Ironies of time and place

Just back from a real job interview in Orange County where I found a sterile environment of strip malls and office buildings, bugs, bees, and toll roads.

During my drive a ton of casting opportunities surfaced on my smartphone. New recruiters called regarding new jobs in the Bay Area, too. I fielded them all, returned calls, even did applications via telephone. Felt good about not missing a beat.

I also quickly responded to a few casting calls, including one for a business video. A remarkably low-budget buyout for a major brand. In my quick response to the audition call I missed a very important fact: the casting director wanted the actors to submit videotaped auditions. From these auditions she would then decide whom to call in for a live audition.

I got called for the audition today. Now that I'm home at my desktop, recovering from the round trip, with salve on my painful bug bites, I read the details and realized that there was no way I could develop this videotaped audition in the time required (ASAP).
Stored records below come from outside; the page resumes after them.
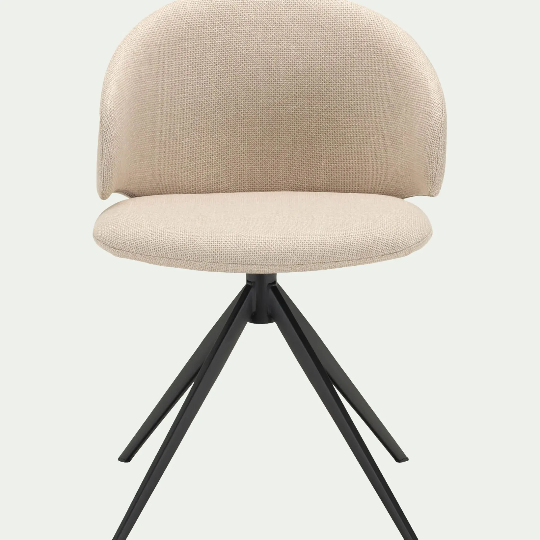 Avec son revêtement en tissu beige, cette chaise de repas allie confort et élégance en toute simplicité. Son assise généreuse et son dossier bien rembourré en font un siège agréable pour les repas prolongés. Pivotante, elle offre une liberté de mouvement idéale au quotidien. Son piètement en acier noir au design graphique affirme un style contemporain, tout en assurant stabilité et solidité. Une chaise en tissu fonctionnelle qui ne fait aucun compromis sur le style.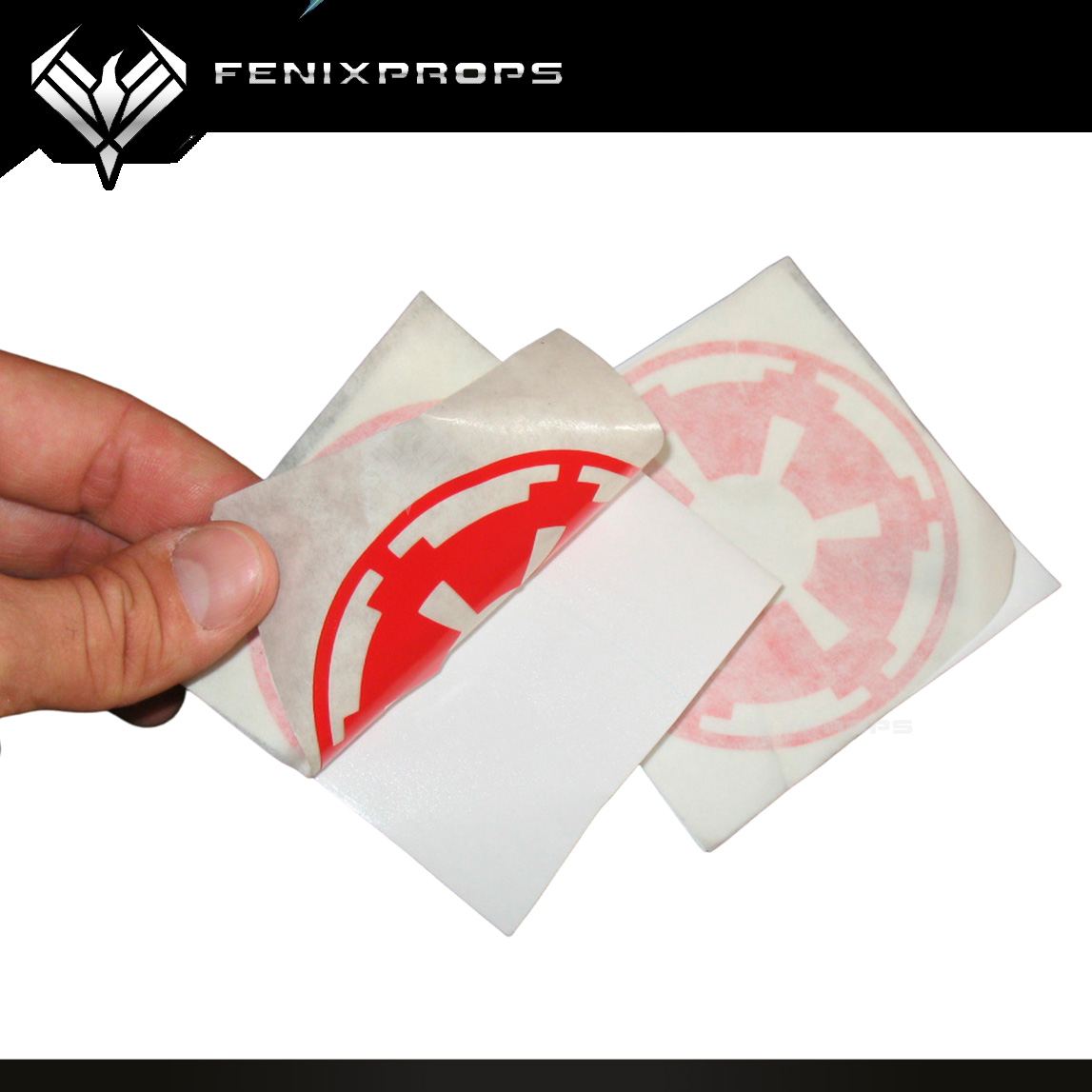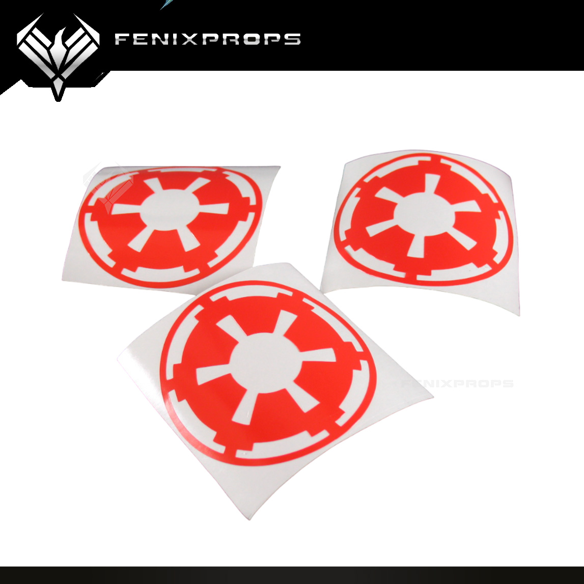Set of 3 decals ready to place in a curved surface with a transfer sheet on the back.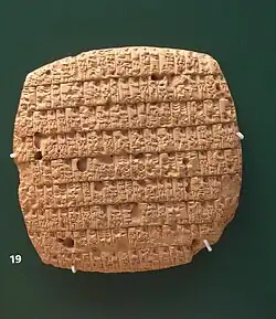 La base de la dieta en la antigua Mesopotamia eran las verduras, hortalizas y legumbres, así como la fruta, especialmente cebollas, ajos, nabos, pepinos, rábanos, lechuga y cogollos de palmito.[23] También cultivaban la calabaza y la berenjena, procedentes de la India.[24] El desayuno era generalmente un «puré», compuesto de harina, leche ácida, aceite y jarabe, por lo general acompañado de bollos de pan de cebada. La carne era más frecuente en la dieta de las clases altas, generalmente de buey y carnero, así como el pescado y las aves. Hacia comienzos del ii milenio a. C. estaba consolidada la crianza de pollos.[23]
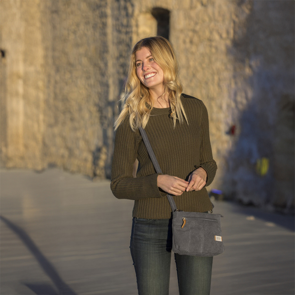 TRAVELON 美國 三層防盜斜背包(牛仔灰) / 側背包 斜背包 背帶包 防割防搶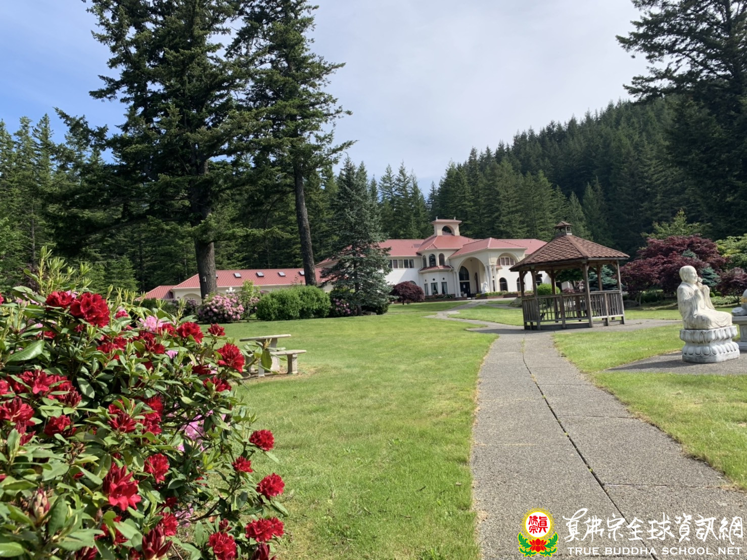 三月下旬至今,疫期已過兩個月,華州政府的「居家禁足令」遲遲未能解禁。彩虹雷藏寺護摩殿外的停車場空曠無人,原本接待來賓的座椅,卻已佈滿一層灰塵。象徵獅王菩薩的一對北石獅,無視來賓訪客多寡,仍忠誠的鎮守在山莊的鐵門入口,哪兒也不去,持續發揮守護山門的威力。入口兩旁的粉紅花與白花皆已盛開,隨風擺動,一隻隻勤懇工作的蜜蜂,在花叢忽上忽下,為了採花蜜忙碌不停,似乎也沒感覺人類世界的改變。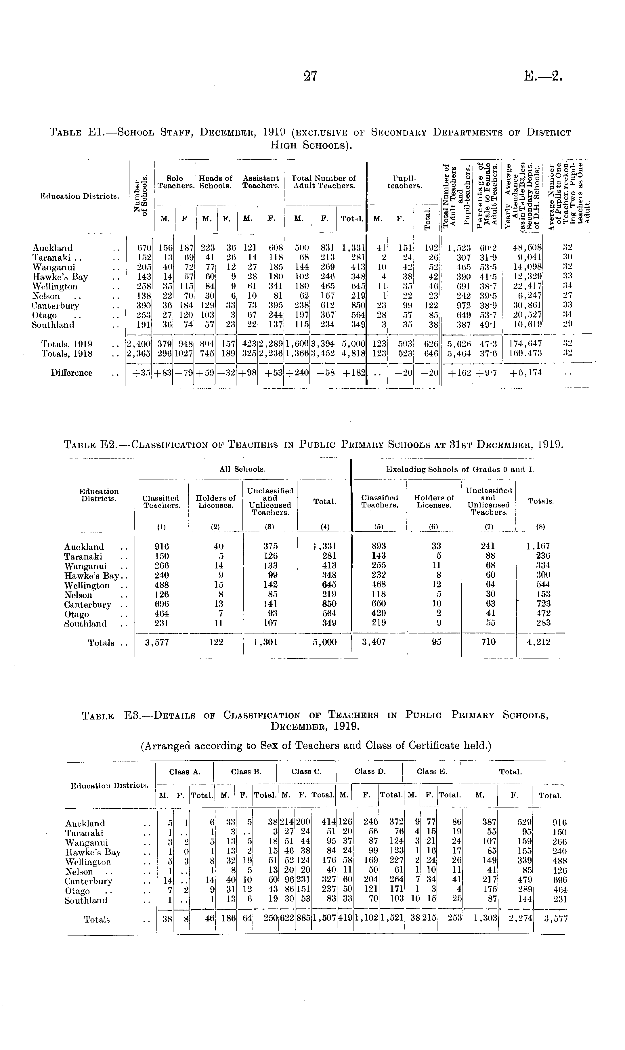 Table E1.—School Staff, December, 1919 (exclusive of Secondary Departments of District High Schools).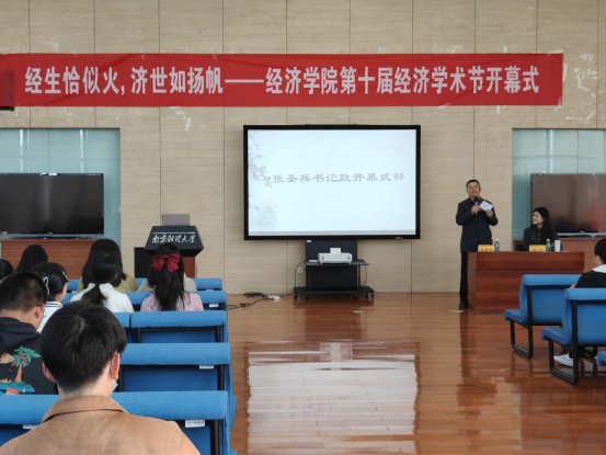 张圣兵书记致辞。他表示,经济学不仅是一门学科,更是一种理解世界、改变世界的工具,蕴含着独特的思维方式和生活态度。一直以来,经济学院致力于搭建多层次的学习与交流平台,培养具有创新精神、实践能力和竞争意识的复合型人才,注重通过实践活动提升学生综合素质。他建议同学们积极参与经济学术节系列活动,共同探讨经济学领域的热点问题,进一步加深对经济学的认识,展现金年会学子的特色和风采。

It would mean either borrowing a camera or doing another trade with a videographer, or.... Now, my readers know I have done this before, for what seemed like big deals and great opportunities at the time: a commercial for a giant computer company where I was to be a woman walking a dog and reacting to its deposits on someone's lawn, which I drove down to Silicon Valley to shoot, and then that Agnes Varda movie that seemed so promising, as they needed a French speaker, and so, while driving home from the play rehearsals in Long Beach, I memorized the script, did a trade with a French actor to work with me, and made a pretty good scene of it, shot in front of my house, in a car. I totally put myself out for these two auditions, hired a director, did my hair, make-up, and wardrobe, and ended up with professional-quality clips, to no avail.
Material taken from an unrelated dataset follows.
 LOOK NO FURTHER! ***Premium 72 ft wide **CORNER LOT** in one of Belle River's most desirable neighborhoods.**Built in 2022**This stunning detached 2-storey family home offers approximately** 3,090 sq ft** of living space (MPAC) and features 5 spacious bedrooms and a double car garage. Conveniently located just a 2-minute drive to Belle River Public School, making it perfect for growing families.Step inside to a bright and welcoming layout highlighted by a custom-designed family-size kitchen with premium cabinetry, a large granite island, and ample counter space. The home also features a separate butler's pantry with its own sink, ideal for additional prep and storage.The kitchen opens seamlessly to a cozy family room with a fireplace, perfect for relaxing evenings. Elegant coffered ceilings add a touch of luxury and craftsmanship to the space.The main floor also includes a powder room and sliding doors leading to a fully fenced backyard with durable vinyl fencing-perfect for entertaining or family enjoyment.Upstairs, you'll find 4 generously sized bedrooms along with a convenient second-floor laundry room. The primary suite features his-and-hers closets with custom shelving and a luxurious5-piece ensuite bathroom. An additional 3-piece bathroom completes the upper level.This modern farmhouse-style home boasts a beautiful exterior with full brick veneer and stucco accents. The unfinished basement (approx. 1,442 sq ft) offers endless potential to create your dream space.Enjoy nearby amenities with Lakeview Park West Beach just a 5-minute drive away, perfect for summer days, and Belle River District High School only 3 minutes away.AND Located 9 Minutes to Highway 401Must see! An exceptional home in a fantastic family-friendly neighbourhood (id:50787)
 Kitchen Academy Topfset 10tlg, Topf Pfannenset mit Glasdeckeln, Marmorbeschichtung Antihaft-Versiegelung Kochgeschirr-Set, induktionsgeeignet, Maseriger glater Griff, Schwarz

So, this morning the timing and opportunity and my level of ambition for a low-budget buyout just did not match the current offer. I wrote back to the casting director in the form provided and declined the audition, apologizing because I just can't get the thing taped this time.

Well, my dears: she called me back a little while ago, asked why I declined. I apologized for having read the original casting call too quickly while on the road, etc., and she proceeded to ball me out for not adhering to the rules. She explained that this was bad for many reasons, including that I had displaced other actors in the audition list, etc. I could tell I was not the first one to disappoint her.

You know what? She's right. Absolutely. Mea culpa. From now on I will not apply for any gig without reading the fine print, and slowly, and thinking long and hard about what is required.
I should also come up with some basic and logical parameters for myself, rather than winging it: is it a major feature film? OK, I'll go all out. Is it a buyout for a company that would own my likeness in perpetuity, all for several hundred dollars? Probably not.

I have an audition just down the street today. I am preparing now for the role of a mother from New Jersey.